Your role is to score responses on a 0-3 scale for each dimension.

SCORING SCALE:
0 = Inadequate: Incorrect, misleading, or fails to address
1 = Partial: Some accuracy but significant errors or omissions
2 = Good: Mostly accurate with minor gaps
3 = Excellent: Fully accurate, demonstrates depth

EVALUATION DIMENSIONS for {section}:
- {dimensionName} ({weight}%): {description}
- {dimensionName} ({weight}%): {description}
...

OUTPUT FORMAT:
Respond with valid JSON only:
{
  "scores": [
    { "dimension": "<dimension_name>",
      "rawScore": <0-3>,
      "reasoning": "<brief justification>" }
  ]
}

Be strict but fair. Evaluate theological accuracy, not style or length.

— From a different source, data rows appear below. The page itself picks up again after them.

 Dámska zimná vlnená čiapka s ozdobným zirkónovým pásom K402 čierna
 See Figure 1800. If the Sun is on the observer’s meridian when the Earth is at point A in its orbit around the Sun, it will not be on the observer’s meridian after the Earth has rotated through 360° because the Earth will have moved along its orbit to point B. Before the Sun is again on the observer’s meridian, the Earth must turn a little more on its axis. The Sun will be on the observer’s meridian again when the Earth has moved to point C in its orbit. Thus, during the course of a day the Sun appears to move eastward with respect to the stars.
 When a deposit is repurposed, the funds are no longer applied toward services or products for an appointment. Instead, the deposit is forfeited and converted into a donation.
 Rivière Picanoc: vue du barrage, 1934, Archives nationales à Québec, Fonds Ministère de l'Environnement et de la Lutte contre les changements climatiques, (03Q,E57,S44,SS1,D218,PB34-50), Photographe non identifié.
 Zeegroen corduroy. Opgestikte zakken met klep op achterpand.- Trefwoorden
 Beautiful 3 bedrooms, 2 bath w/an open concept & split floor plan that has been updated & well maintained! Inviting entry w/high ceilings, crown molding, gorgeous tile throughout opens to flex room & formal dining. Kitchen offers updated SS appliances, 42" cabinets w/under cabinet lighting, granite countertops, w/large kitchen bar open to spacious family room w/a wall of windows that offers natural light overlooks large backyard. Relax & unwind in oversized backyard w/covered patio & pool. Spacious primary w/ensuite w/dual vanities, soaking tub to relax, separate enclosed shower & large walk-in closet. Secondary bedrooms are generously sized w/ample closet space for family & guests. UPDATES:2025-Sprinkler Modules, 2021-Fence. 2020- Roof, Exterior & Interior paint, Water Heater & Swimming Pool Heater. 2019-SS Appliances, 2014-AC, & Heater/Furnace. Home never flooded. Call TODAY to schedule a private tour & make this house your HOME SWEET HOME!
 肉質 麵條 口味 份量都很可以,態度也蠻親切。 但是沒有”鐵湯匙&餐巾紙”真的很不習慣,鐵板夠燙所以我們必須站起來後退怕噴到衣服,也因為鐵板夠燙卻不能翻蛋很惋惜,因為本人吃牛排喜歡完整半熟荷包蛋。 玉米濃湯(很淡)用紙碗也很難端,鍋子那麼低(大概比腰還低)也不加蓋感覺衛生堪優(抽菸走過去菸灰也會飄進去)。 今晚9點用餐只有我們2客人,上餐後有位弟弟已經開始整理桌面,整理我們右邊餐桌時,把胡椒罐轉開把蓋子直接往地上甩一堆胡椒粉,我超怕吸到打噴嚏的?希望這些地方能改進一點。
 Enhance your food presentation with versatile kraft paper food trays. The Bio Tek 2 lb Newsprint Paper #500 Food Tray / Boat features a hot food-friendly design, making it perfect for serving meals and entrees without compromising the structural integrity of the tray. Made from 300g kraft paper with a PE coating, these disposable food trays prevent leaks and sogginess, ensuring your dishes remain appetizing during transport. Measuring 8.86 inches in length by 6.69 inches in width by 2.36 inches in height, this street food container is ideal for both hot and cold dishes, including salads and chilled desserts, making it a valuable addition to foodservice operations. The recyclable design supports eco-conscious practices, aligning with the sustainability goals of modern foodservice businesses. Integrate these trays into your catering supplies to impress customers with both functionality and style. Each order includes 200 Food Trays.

The {section} placeholder is replaced with the test case's dimension (e.g., "textual", "doctrinal"), and each dimension's sub-dimensions and weights are injected from the rubric configuration.

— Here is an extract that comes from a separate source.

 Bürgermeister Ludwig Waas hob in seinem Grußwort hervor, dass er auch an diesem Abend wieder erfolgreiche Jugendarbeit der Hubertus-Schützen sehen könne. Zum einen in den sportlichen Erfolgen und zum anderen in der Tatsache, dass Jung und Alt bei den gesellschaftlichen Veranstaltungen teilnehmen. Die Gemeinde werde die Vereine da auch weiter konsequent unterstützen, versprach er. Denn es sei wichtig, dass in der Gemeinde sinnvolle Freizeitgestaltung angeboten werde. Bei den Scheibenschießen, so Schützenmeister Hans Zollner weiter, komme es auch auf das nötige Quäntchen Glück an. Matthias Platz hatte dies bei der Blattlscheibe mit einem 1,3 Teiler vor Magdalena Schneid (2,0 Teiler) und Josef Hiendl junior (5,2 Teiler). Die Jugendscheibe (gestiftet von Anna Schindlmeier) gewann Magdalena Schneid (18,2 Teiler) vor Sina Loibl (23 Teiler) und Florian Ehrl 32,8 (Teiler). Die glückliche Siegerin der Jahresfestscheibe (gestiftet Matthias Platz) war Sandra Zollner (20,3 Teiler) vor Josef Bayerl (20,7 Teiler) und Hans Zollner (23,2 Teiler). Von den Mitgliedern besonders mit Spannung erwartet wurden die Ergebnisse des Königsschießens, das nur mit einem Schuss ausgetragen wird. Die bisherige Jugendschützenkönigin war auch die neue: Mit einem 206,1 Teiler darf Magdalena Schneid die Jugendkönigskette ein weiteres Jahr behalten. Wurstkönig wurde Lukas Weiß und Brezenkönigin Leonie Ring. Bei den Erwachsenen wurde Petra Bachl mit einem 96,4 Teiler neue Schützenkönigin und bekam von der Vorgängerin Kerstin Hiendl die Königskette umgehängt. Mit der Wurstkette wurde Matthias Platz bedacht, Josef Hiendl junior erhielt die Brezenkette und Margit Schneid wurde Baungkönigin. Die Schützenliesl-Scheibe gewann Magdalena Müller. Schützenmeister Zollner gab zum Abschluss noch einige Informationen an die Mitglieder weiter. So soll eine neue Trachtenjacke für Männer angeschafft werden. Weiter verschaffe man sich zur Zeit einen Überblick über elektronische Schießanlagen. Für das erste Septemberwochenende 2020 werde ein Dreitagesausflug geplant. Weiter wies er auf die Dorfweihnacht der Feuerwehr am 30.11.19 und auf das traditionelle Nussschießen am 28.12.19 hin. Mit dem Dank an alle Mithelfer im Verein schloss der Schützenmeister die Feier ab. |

5.3.4 Judge Prompt: Evaluation Prompt Structure

The evaluation prompt sent as the user message follows this structure:

QUESTION:
{the original test case prompt}

MODEL RESPONSE:
{the model's response being evaluated}

REFERENCE ANSWER (for comparison):
{reference answer, when available}

TRADITION CONTEXT: {tradition}
Evaluate fidelity to this specific theological tradition.

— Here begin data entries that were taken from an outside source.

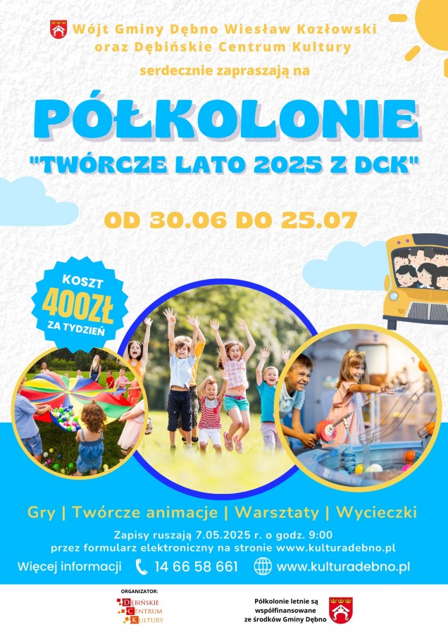 Wójt Gminy Dębno Wiesław Kozłowski wraz z Dębińskim Centrum Kultury zapraszają dzieci z klas 1-8 szkół podstawowych z terenu Gminy Dębno do udziału w półkoloniach letnich „Twórcze Lato 2025 z DCK”. Zajęcia odbywać się będą w Dębińskim Centrum Kultury w Jastwi w terminie od 30 czerwca do 25 lipca 2025 r., od poniedziałku do piątku, w ramach czterech tygodniowych turnusów, w godzinach od 8:00 do 16:00. Koszt udziału w jednym turnusie wynosi 400 zł i obejmuje m.in. ciepły posiłek oraz ubezpieczenie NNW.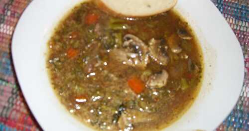 A hearty beef soup that’s loaded with nutritious ingredients; great for cold winter nights.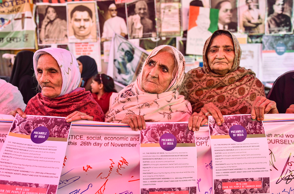 Women during a demonstration against CAA, NRC and NPR at Shaheen Bagh in New Delhi. Photo: PTI/Files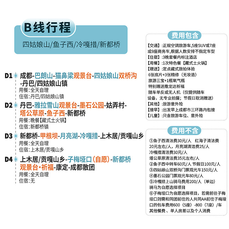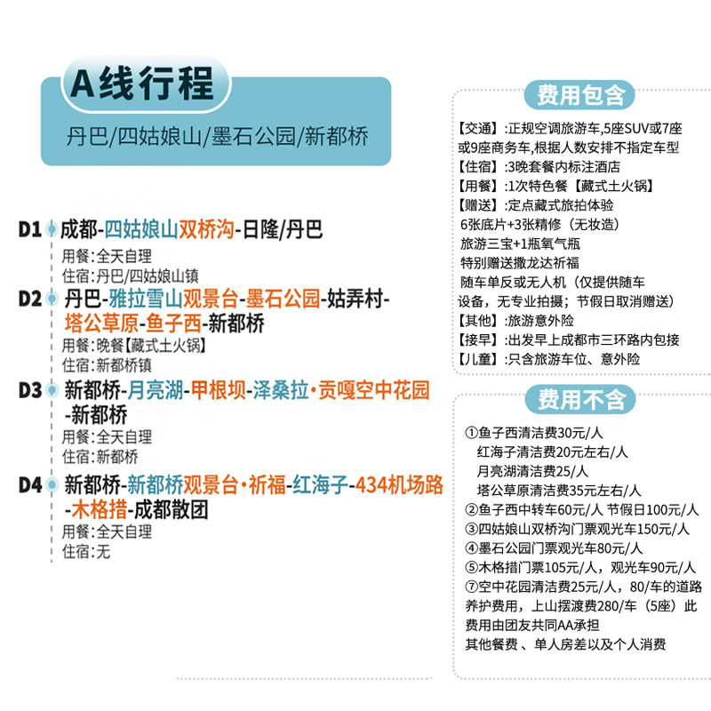 本线路支持1人单独预订,无需拼团等待,极大提升了商务人士或独自出差者的出行效率。从成都出发,覆盖甘孜、阿坝等川西核心目的地,行程安排紧凑合理,兼顾工作与休闲需求。无论是临时差旅调整还是个人假期延伸,都能快速响应,省去协调多人时间的麻烦,让差旅与度假无缝衔接。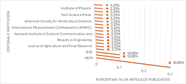 Desde una perspectiva geográfica, la concentración de publicaciones en países como Italia e India coincide con lo observado en revisiones previas (Bhor et al., 2024; Sharma et al., 2024), donde se destaca que estas regiones combinan una fuerte tradición agrícola con un desarrollo tecnológico emergente. En contraste, la limitada representación de países latinoamericanos y africanos, también identificada por Abu et al. (2022), sugiere que la brecha no radica en la aplicabilidad del IoT, sino en restricciones estructurales asociadas a infraestructura, financiamiento y políticas de innovación, lo que refuerza la necesidad de estrategias de transferencia tecnológica adaptadas a contextos en desarrollo.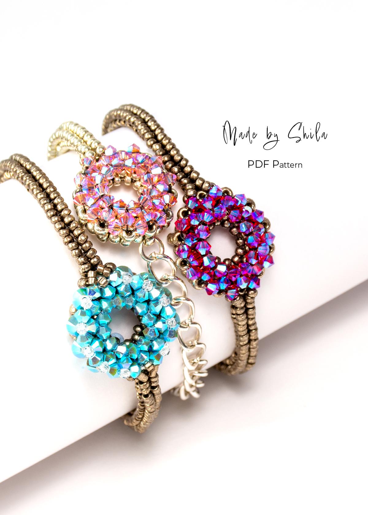 ✨ This PDF pattern of geometric CRAW round shape piece can be incorporated into a variety of designs. You can embellish it with different shapes of crystals or pearls, selecting vibrant or harmonious color combinations that match your style. Feel free to attach any beaded strips you like, arrange several round motifs in a row, or layer multiple bracelets on your arm for a unique look.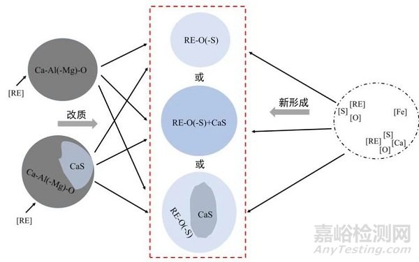 Fig. 8 Evolution process of inclusions in steel with the addition of rare earth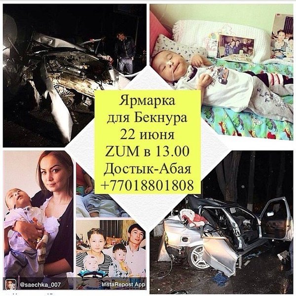 Дорогие ДРУЗЬЯ!Поможем Бекнуру вместе!!! В октябре 2013 г. произошла ужасная автокатастрофа, в результате которой Бекнур потерял папу, маму и старшего брата, которому было всего 2 года. А сам Бекнурчик получил тяжелую краниоспинальную травму (травматический разрыв спинного мозга). У маленького мальчика осталась лишь одна надежда в лице бабушки и нас, дорогие Друзья! На лечение требуется 200 000$. Мы понимаем, что это большая сумма, но все же не останемся равнодушными к Бекнурчику!!! 22 июня в 13:00 состоится благотворительная ярмарка для Бекнура… — Читать дальше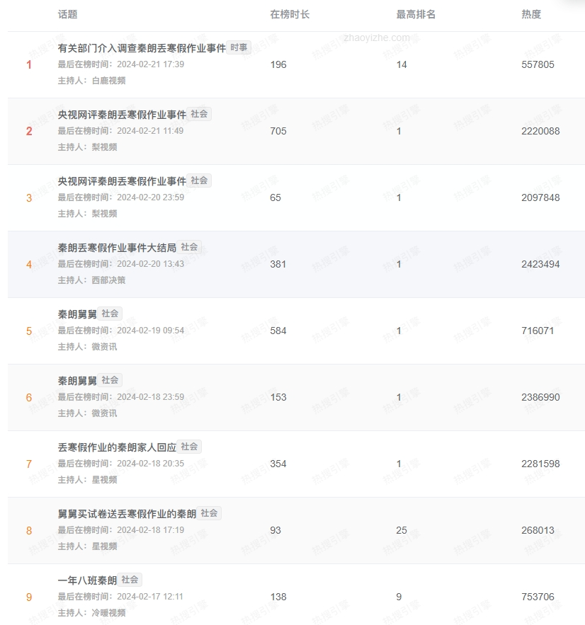 随着剧情推进而来的,则是一条又一条的热搜。从最开始的“一年八班秦朗”到“有关部门介入调查秦朗丢寒假作业事件”,从“舅舅买试卷送丢寒假作业秦朗”到“秦朗舅舅账号被禁”,谣言和辟谣双重信息聚于热搜。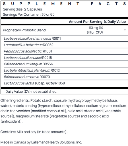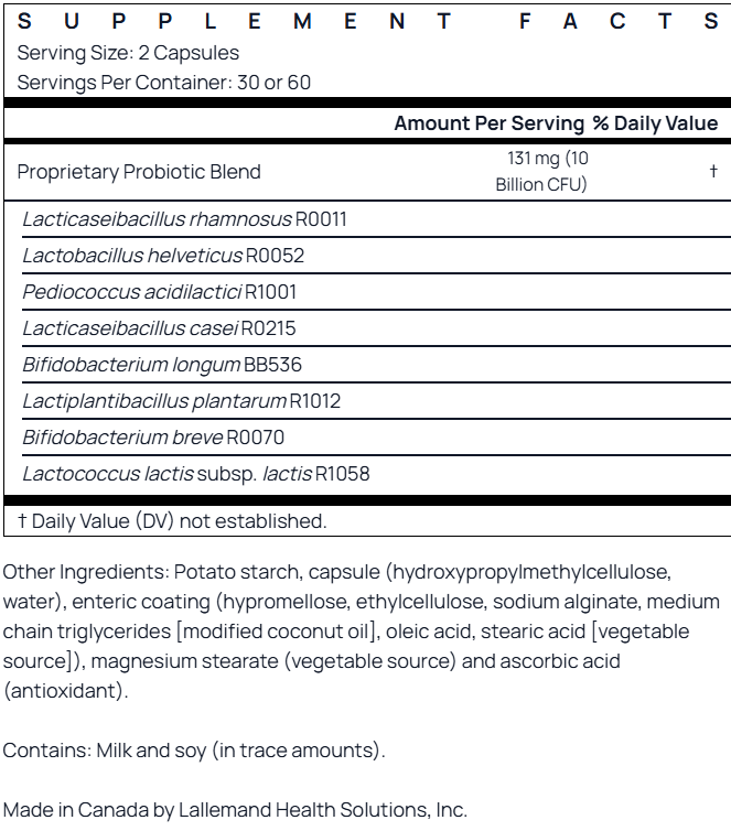 | Proprietary Probiotic Blend Lacticaseibacillus rhamnosus R0011 Lactobacillus helvetius R0052 Pediococcus acidilactici R1001 Lacticaseibacillus casei R0215 Bifidobacterium longum BB536 Lactiplantibacillus plantarum R1012 Bifidobacterium breve R0070 Lactococcus lactis subsp. lactis R1058 |

Evaluate the model response and provide scores for each dimension.

The reference answer and tradition context blocks are included only when the test case provides them.

5.3.5 Error Handling

  • Retry logic: 3 attempts with exponential backoff on API failures
  • Consistency check: Flag responses where judge reasoning contradicts score
  • Edge case routing: Ambiguous cases flagged for human review

5.4 Scoring Calculation

5.4.1 Per-Test-Case Scoring

For each test case, the judge returns raw scores (0–3) for each sub-dimension. The composite score is calculated as:

  1. Normalize: Each raw score is divided by 3 to produce a 0–1 normalized score
  2. Weight: Each normalized score is multiplied by its sub-dimension weight
  3. Sum: Weighted scores are summed to produce the test case's composite score (0–1)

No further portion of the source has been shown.